Gen Z came of age in a world where asynchronous classes, virtual internships, gig work, and hybrid models are the norm. They don’t see flexibility as a privilege earned after two years of loyal in-office service. They see it as a starting point and as proof that a company trusts its people.
They value autonomy and results. They want to know that their performance will be judged by what they deliver, not by whether their green light is on in Slack at 8 a.m. They’re not clock-watchers, and they’re not interested in being watched, either.
This doesn’t mean Gen Z wants chaos or a free-for-all. In fact, they crave structure! But it has to be the kind that supports their success, not one that restricts it. They want clarity in expectations and freedom in how to meet them.
If your workplace still equates presence with productivity or treats flexible work as a favor rather than a fundamental, Gen Z will find an employer that gets it.
3. Transparency Isn’t a Trend. It’s Their Filter for Trust.
Gen Z grew up with more access to information than any previous generation. From social media to public salary databases to Reddit threads on toxic workplaces, they know how to find out what they’re not being told—and they notice when companies try to hide it.
That’s why transparency isn’t a nice-to-have anymore. It’s table stakes.
They expect salary ranges in job listings. Not “competitive,” not “dependent on experience,” but numbers. They want to understand how roles grow, what performance reviews look like, and what it actually takes to get promoted. If you offer mentorship, they’ll want to know who provides it and what the outcomes are.
They’re also looking at how decisions get made internally. Who has influence? How is feedback handled? How are mistakes dealt with?
Gen Z is not impressed by corporate jargon or vague cultural claims.

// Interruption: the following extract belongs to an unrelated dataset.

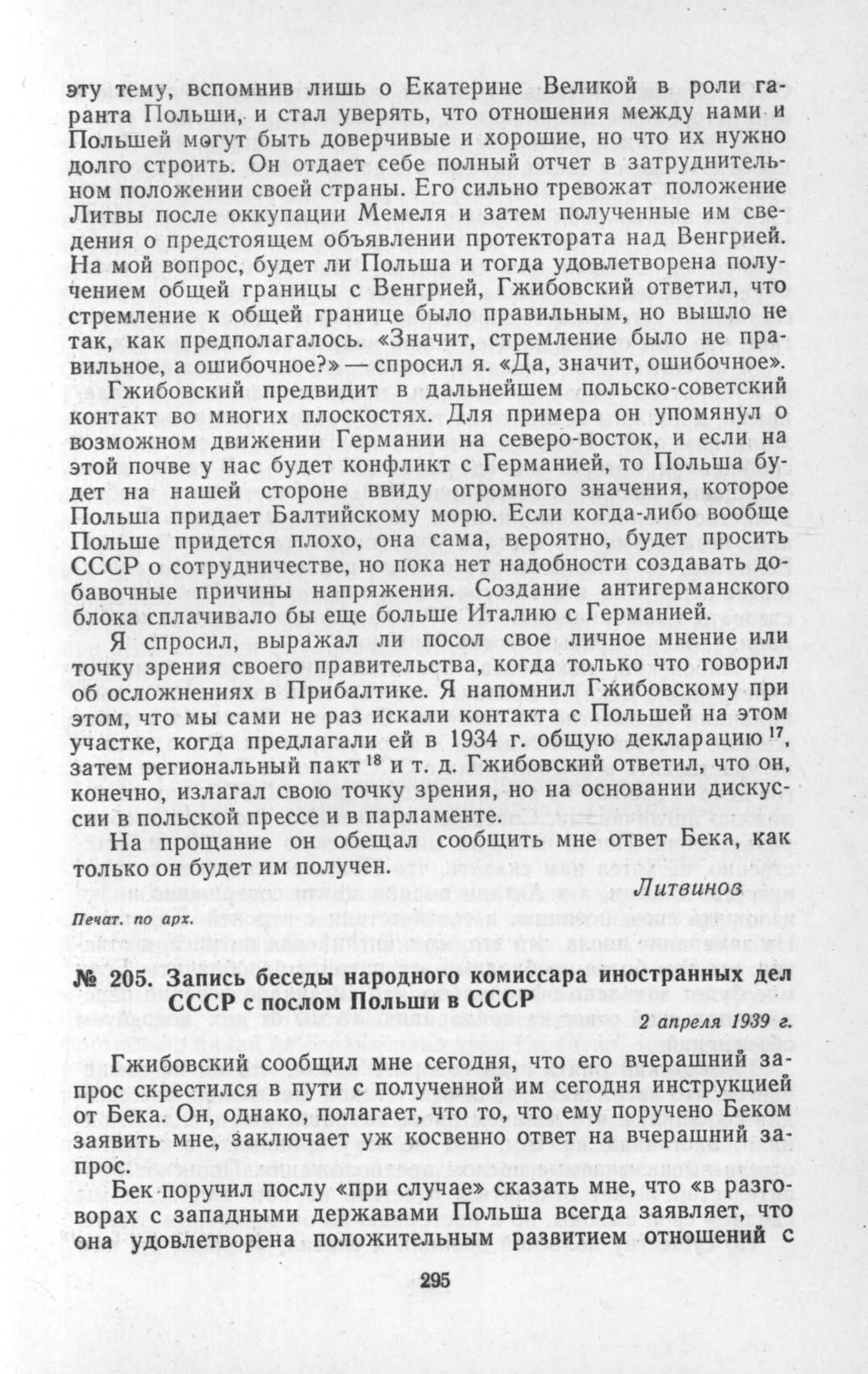Запись беседы народного комиссара иностранных дел СССР с послом Польши в СССР. 2 апреля 1939 г. // Печат. по арх.

If your hiring process is long, confusing, or filled with euphemisms, they’ll assume that’s reflective of your internal operations too.
The more honest and specific you can be about pay, culture, expectations, and growth, the more likely you are to earn their trust. And keep it.
4. If Your Technology Is Outdated, Your Culture Probably Is Too
Gen Z is the first generation that’s entirely tech-native. They don’t just know how to use tools, they know what good tools feel like. And if your systems don’t meet that standard, it won’t just annoy them. It’ll affect how they perceive your organization.
They’ve experienced seamless platforms and intuitive interfaces their entire lives. If your hiring process involves printing documents, or your onboarding requires three separate logins and a shared Excel sheet, they’ll question everything... including your efficiency, your priorities, and your investment in employee success.
But here’s the opportunity most companies miss: Gen Z doesn’t expect perfection. They expect progress. If your technology needs work, but your culture welcomes feedback and invests in improvement, they’ll be part of the solution. They’re not just users, but collaborators. They’ll help you refine your processes, integrate smarter tools, and eliminate friction. That is, if your leadership is open to it.
Neglecting technology sends a bigger message than you think. It tells Gen Z that you're comfortable settling (and they’re not).
This Isn’t About Generational Preferences. It’s About Workplace Evolution.
You might be reading this and thinking, “None of this is new.” And you’re right.
Clarity, flexibility, purpose, and user-friendly systems aren’t radical demands. They’re what most workers have wanted for a long time. The difference is that Gen Z isn’t asking for these things quietly. They’re expecting them. And they’re ready to walk if they’re not there.
The most successful organizations aren’t the ones scrambling to appease Gen Z with trendy perks or empty value statements. They’re the ones building cultures that make sense for Gen Z and everyone else.
If you’re serious about building a workplace where great people want to stay, it starts with more than just perks and policies. It starts with getting your values, mission, and people truly aligned.
We talk about how to make that happen in Values, Mission, People: The Umbrella That Covers It All.
The companies that get this right won’t just survive. They’ll lead. Will yours?